Condition Variants and Their Real-World Values
The condition spectrum for 4th Print Chansey matters tremendously for pricing. A card showing moderate edge wear, light surface creasing, and slightly off-center printing might grade PSA 4-5 and sell for $35-$50. That same card with clean surface, sharp corners, and centered printing grades PSA 6-7 and commands $80-$150. A single deep crease or heavy corner damage plummets values to $15-$25 regardless of print edition because structural damage is permanent and visible to any buyer.
Raw ungraded 4th Print Chansey in genuinely excellent condition (near-mint equivalent) sometimes sells for $60-$80 because buyers trust their own condition assessment and avoid grading fees. These deals exist occasionally on eBay when sellers underestimate condition, creating quick-flip opportunities for dealers and serious collectors who understand grading standards. The practical lesson: condition transparency matters far more than the 4th Print designation alone. A pack-fresh, perfectly centered 4th Print Chansey outvalues a heavily played 1st Edition by factors of 3-5, demonstrating that print rarity operates differently than condition rarity in the collector psychology.
Market Trends and Future Outlook for 4th Print Base Set Cards
The broader Base Set market has experienced cyclical interest over the past five years, with peaks during the 2020-2021 pandemic-driven collecting boom and modest corrections afterward. 4th Print cards benefited from that cycle because scarcity narratives appeal to serious collectors seeking undervalued vintage alternatives to Unlimited printings. However, the market has largely stabilized, and 4th Print Base Set cards now trade at relatively consistent premiums rather than experiencing explosive growth.
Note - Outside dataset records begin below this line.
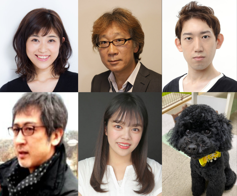 『ハートボイルド・フィクション』以来の神威組出演となる磯崎美穂(上段左)。お馴染みの蜂谷英昭(上段中)と加賀谷崇文(上段右)は、出演のみならず現場制作にも奔走し、お家芸である「現場専任スタッフ0人体制」を支える主軸メンバー。加え、前作から引き続き参加の小林一三(下段左)と、グラビア等で活躍する「泳げるGカップ」野々のん(下段中)。加えて萩原佐代子氏の愛犬、萩原くるめ(下段右)は写真での特別出演。
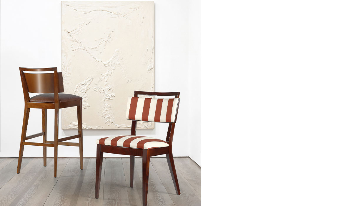 La collezione comprendente sedia, poltrona e sgabello ed ha un design che offre un'esperienza di seduta elegante e lussuosa e si integra elegantemente in qualsiasi ambiente.
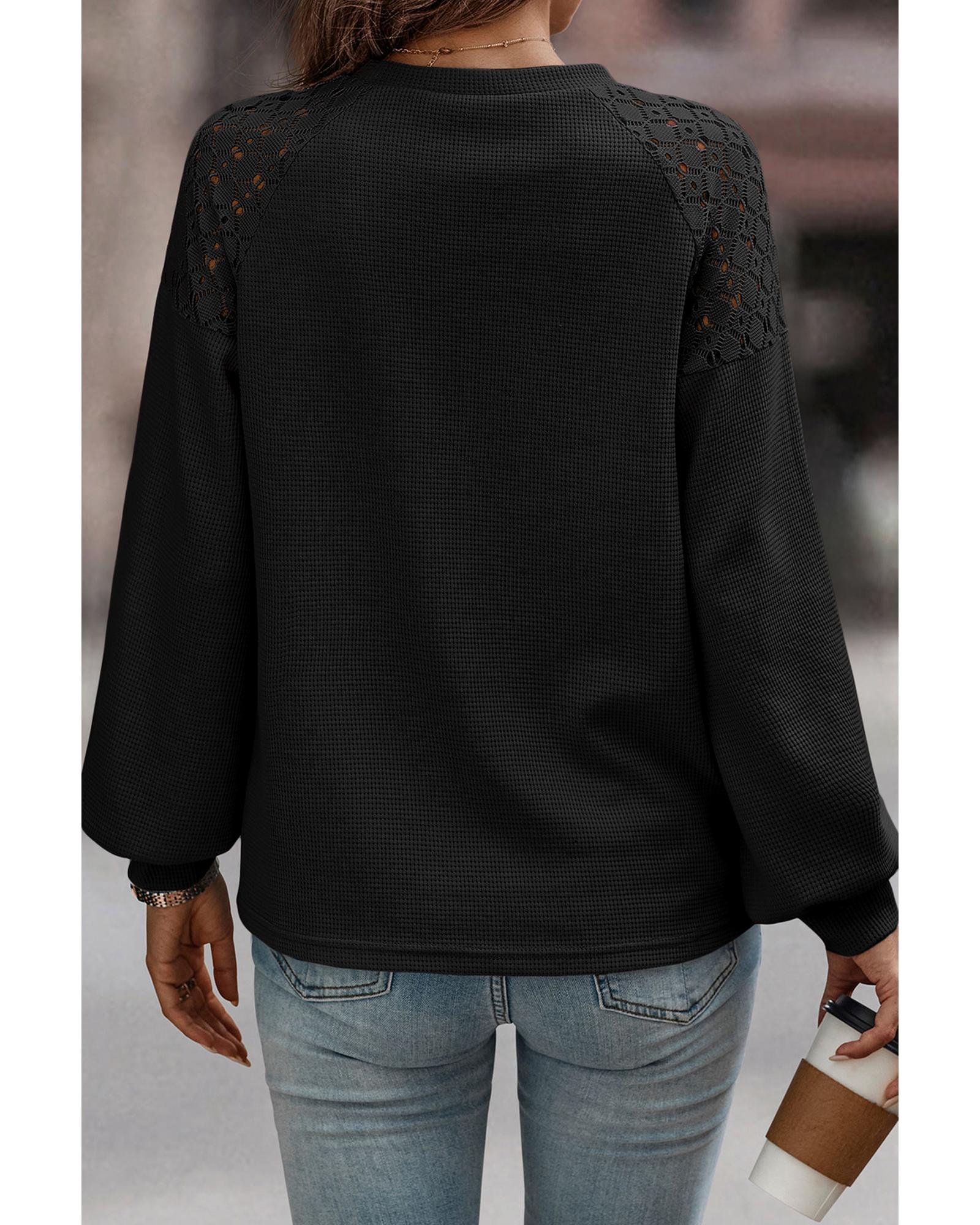 Black Lace Long Sleeve Textured Pullover – L

Looking forward, 4th Print Chansey will likely hold value in the $35-$50 range for raw mid-grade copies unless major shifts occur in Pokémon’s cultural relevance or card authentication improves dramatically. The introduction of better authentication tools might actually pressure prices slightly if counterfeit 4th Print cards are exposed in the ecosystem, since scarcity narratives collapse when authenticity becomes questionable. Serious collectors should focus on establishing provenance and purchasing from dealers with strong authentication credentials rather than chasing short-term price movements.
Conclusion
4th Print Chansey represents an accessible entry point into vintage Pokémon collecting at the $37-$50 price point for decent raw copies. The specific $41.00 PSA 5 sale from 2023 demonstrates realistic market expectations for modestly-graded examples, while higher-grade copies command exponentially more capital with proportionally lower returns. The 4th Print designation provides genuine rarity compared to Unlimited printings, but Chansey’s limited cultural cachet means it will never command the premiums of truly iconic Base Set holos.
Your best approach depends on collecting goals: buy raw 4th Print Chansey at $40-$60 if you’re building a vintage collection for personal enjoyment, or avoid the card entirely if your primary focus is capital appreciation. The middle ground—investing in PSA 6-7 copies for resale—offers minimal edge and ties up significant capital with modest liquidity. Start with the fundamentals of condition assessment and market price tracking before committing deeper capital to any Pokémon card investment.